4 files changed, 362 insertions, 0 deletions

diff --git a/synapse/handlers/account_data.py b/synapse/handlers/account_data.py
index 543e575b10..aba7315cf7 100644
--- a/synapse/handlers/account_data.py
+++ b/synapse/handlers/account_data.py
@@ -133,6 +133,50 @@ class AccountDataHandler:
             )
             return response["max_stream_id"]
 
+    async def remove_account_data_for_room(
+        self, user_id: str, room_id: str, account_data_type: str
+    ) -> Optional[int]:
+        """
+        Deletes the room account data for the given user and account data type.
+
+        "Deleting" account data merely means setting the content of the account data
+        to an empty JSON object: {}.
+
+        Args:
+            user_id: The user ID to remove room account data for.
+            room_id: The room ID to target.
+            account_data_type: The account data type to remove.
+
+        Returns:
+            The maximum stream ID, or None if the room account data item did not exist.
+        """
+        if self._instance_name in self._account_data_writers:
+            max_stream_id = await self._store.remove_account_data_for_room(
+                user_id, room_id, account_data_type
+            )
+            if max_stream_id is None:
+                # The referenced account data did not exist, so no delete occurred.
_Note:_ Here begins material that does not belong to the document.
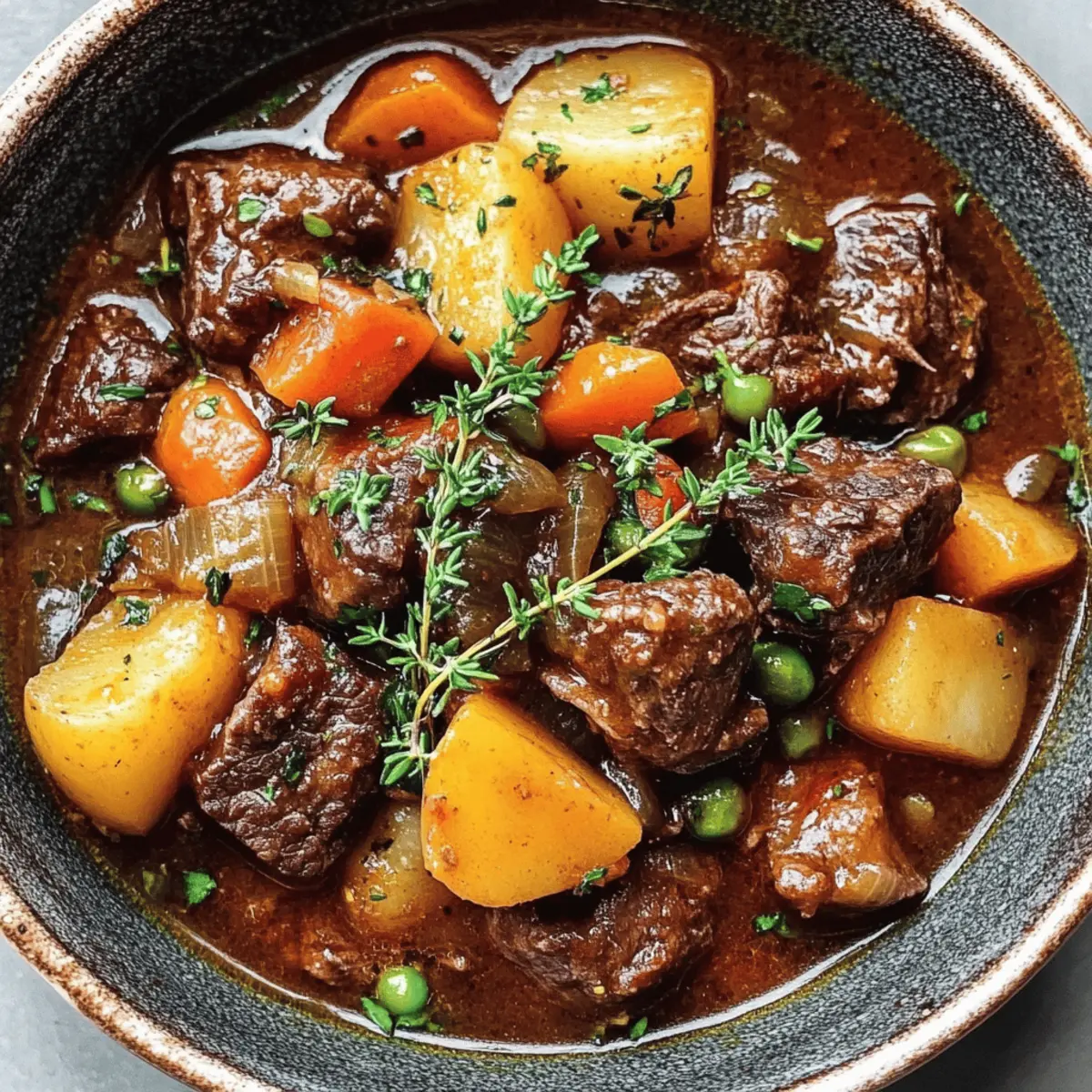 Jump to Recipe Print RecipeEn passant devant la cuisine, j’ai été enveloppé par l’arôme irrésistible d’un ragoût qui mijote doucement, me rappelant les froides soirées d’hiver passées en famille. Ce ragoût de bœuf Ina Garten est la quintessence du réconfort, avec ses morceaux de viande tendre et ses pommes de terre Yukon Gold, mijotés à la perfection. En plus d’être un plat copieux et savoureux, il offre également une option sans gluten, idéale pour tous ceux qui souhaitent régaler leurs proches sans tracas. Environ trois heures et quarante minutes suffisent pour créer ce chef-d’œuvre culinaire, parfait pour un dîner de semaine ou un moment spécial. Alors, pourquoi ne pas vous lancer dans cette aventure gourmande ? Vous ne le regretterez pas ! Pourquoi choisir ce ragoût réconfortant ? Réconfort instantané: Ce ragoût de bœuf Ina Garten est la définition même du confort culinaire, réchauffant votre cœur et votre foyer. Facilité d’exécution: Avec des étapes simples, même les cuisiniers débutants peuvent se lancer sans stress. Goût authentique: La combinaison de la viande tendre et des légumes frais crée une explosion de saveurs à chaque bouchée, idéale pour tout repas en famille. Polyvalent: Ajoutez vos légumes préférés ou optez pour une version sans gluten avec des substitutions simples. Vacances et soirées: Parfait pour les occasions spéciales, il ravira vos invités et fera des restes appréciés pour les jours suivants. Donc, si vous souhaitez impressionner ou simplement satisfaire une envie de réconfort, ce plat est fait pour vous. N’oubliez pas de l’accompagner d’une tartine de pain croustillant pour un repas inoubliable ! Ingrédients du Ragoût de Bœuf Ina Garten • Plongez dans l’univers chaleureux de la cuisine avec ce ragoût réconfortant ! Pour la viande 3 lbs de viande de bœuf chuck – Source principale de protéines, assurez-vous de retirer le gras excessif pour un ragoût plus léger. Sel kasher et poivre – Indispensables pour assaisonner ; ajustez selon votre goût. 3 cuil. à soupe d’huile d’olive – Pour faire dorer la viande, renforçant saveur et richesse. Pour la base aromatique 2 oignons jaunes, hachés – Apporte douceur et profondeur au plat. 4 gousses d’ail, émincées – Donne une belle note aromatique ; peut être remplacé par de la poudre d’ail si nécessaire. 1 tasse de carottes, hachées – Ajoute une douceur naturelle et de la texture. 1 tasse de céleri, haché – Apporte une fraîcheur croquante au ragoût. Pour la cuisson 2 cuil. à soupe de pâte de tomate – Intensifie la saveur avec sa richesse umami. 1 tasse de vin rouge sec – Ajoute une complexité; remplacez par du bouillon de bœuf pour une option sans alcool. 4 tasses de bouillon de bœuf – Fournit l’humidité et le corps au ragoût. 1 boîte (14,5 oz) de tomates en dés, égouttées – Introduit une acidité qui équilibre la richesse. Pour les épices 1 cuil. à café de thym séché – Apporte des arômes terreux ; utilisez du thym frais si possible. 2 feuilles de laurier – Ajoutent une couche de saveur aromatique pendant la cuisson. 1 cuil. à café de sauce Worcestershire – Renforce l’umami ; ajustez selon vos préférences. Pour varier Optionnel : 1½ lbs de pommes de terre, 1 tasse de champignons, 1 tasse de pois – Légumes supplémentaires pour une nutrition variée. Optionnel roux : 2 cuil. à soupe de beurre + 2 cuil. à soupe de farine – Pour épaissir le ragoût ; utilisez de la farine sans gluten pour une version sans gluten. Ce ragoût de bœuf Ina Garten réconfortant ne manquera pas de ravir vos papilles tout en créant une ambiance chaleureuse dans votre maison. Préparez-vous à déguster ce délice plein de saveurs ! Instructions pour le Ragoût de Bœuf Ina Garten Step 1 : Préchauffage du four Préchauffez votre four à 165°C (325°F). Cela préparera l’environnement idéal pour la cuisson lente de votre ragoût de bœuf Ina Garten, permettant aux saveurs de se développer lentement et harmonieusement au fur et à mesure que les ingrédients mijotent ensemble. Step 2 : Faire dorer le bœuf Dans une grande cocotte, faites chauffer 3 cuillères à soupe d’huile d’olive à température moyenne-élevée. Ajoutez 3 lbs de viande de bœuf chuck coupée en cubes, assaisonnez discrètement avec du sel kasher et du poivre, puis faites dorer le bœuf pendant environ 5 à 7 minutes, en le retournant jusqu’à ce qu’il soit bien coloré sur toutes ses faces. Step 3 : Faire suer les légumes Retirez le bœuf de la cocotte et réservez-le. Dans la même cocotte, ajoutez 2 oignons jaunes hachés et 4 gousses d’ail émincées. Faites revenir ces aromates pendant environ 3 à 4 minutes, jusqu’à ce qu’ils deviennent translucides et que leur parfum parfumé envahisse la cuisine. Step 4 : Ajouter les légumes Incorporez 1 tasse de carottes hachées et 1 tasse de céleri haché dans la cocotte. Faites cuire pendant environ 5 minutes, en remuant de temps en temps jusqu’à ce que les légumes commencent à ramollir et ajoutent leur douceur naturelle à la base du ragoût. Step 5 : Incorporer la pâte de tomate et le liquide Ajoutez 2 cuillères à soupe de pâte de tomate aux légumes et remuez bien pendant 1 minute pour libérer ses saveurs. Remettez ensuite le bœuf doré dans la cocotte, en ajoutant 1 tasse de vin rouge sec, 4 tasses de bouillon de bœuf, 1 boîte de tomates en dés, 1 cuil. à café de thym séché, 2 feuilles de laurier et 1 cuil. à café de sauce Worcestershire. Step 6 : Cuisson au four Portez le mélange à ébullition sur la cuisinière, puis couvrez la cocotte. Transférez le tout au four préchauffé et laissez cuire pendant 2,5 à 3 heures. Vérifiez la cuisson lorsque la viande est tendre et se défait facilement à la fourchette, garantissant que le ragoût de bœuf Ina Garten a bien développé toutes ses saveurs. Step 7 : Préparation du rou

+                return None
+
+            self._notifier.on_new_event(
+                StreamKeyType.ACCOUNT_DATA, max_stream_id, users=[user_id]
+            )
+
+            # Notify Synapse modules that the content of the type has changed to an
+            # empty dictionary.
+            await self._notify_modules(user_id, room_id, account_data_type, {})
+
+            return max_stream_id
+        else:
+            response = await self._remove_room_data_client(
+                instance_name=random.choice(self._account_data_writers),
+                user_id=user_id,
+                room_id=room_id,
+                account_data_type=account_data_type,
+                content={},
+            )
+            return response["max_stream_id"]
+
     async def add_account_data_for_user(
         self, user_id: str, account_data_type: str, content: JsonDict
     ) -> int:
@@ -168,6 +212,45 @@ class AccountDataHandler:
             )
             return response["max_stream_id"]
 
+    async def remove_account_data_for_user(
+        self, user_id: str, account_data_type: str
+    ) -> Optional[int]:
+        """Removes a piece of global account_data for a user.
+
+        Args:
+            user_id: The user to remove account data for.
+            account_data_type: The type of account_data to remove.
+
+        Returns:
+            The maximum stream ID, or None if the room account data item did not exist.
+        """
+
+        if self._instance_name in self._account_data_writers:
+            max_stream_id = await self._store.remove_account_data_for_user(
+                user_id, account_data_type
+            )
+            if max_stream_id is None:
+                # The referenced account data did not exist, so no delete occurred.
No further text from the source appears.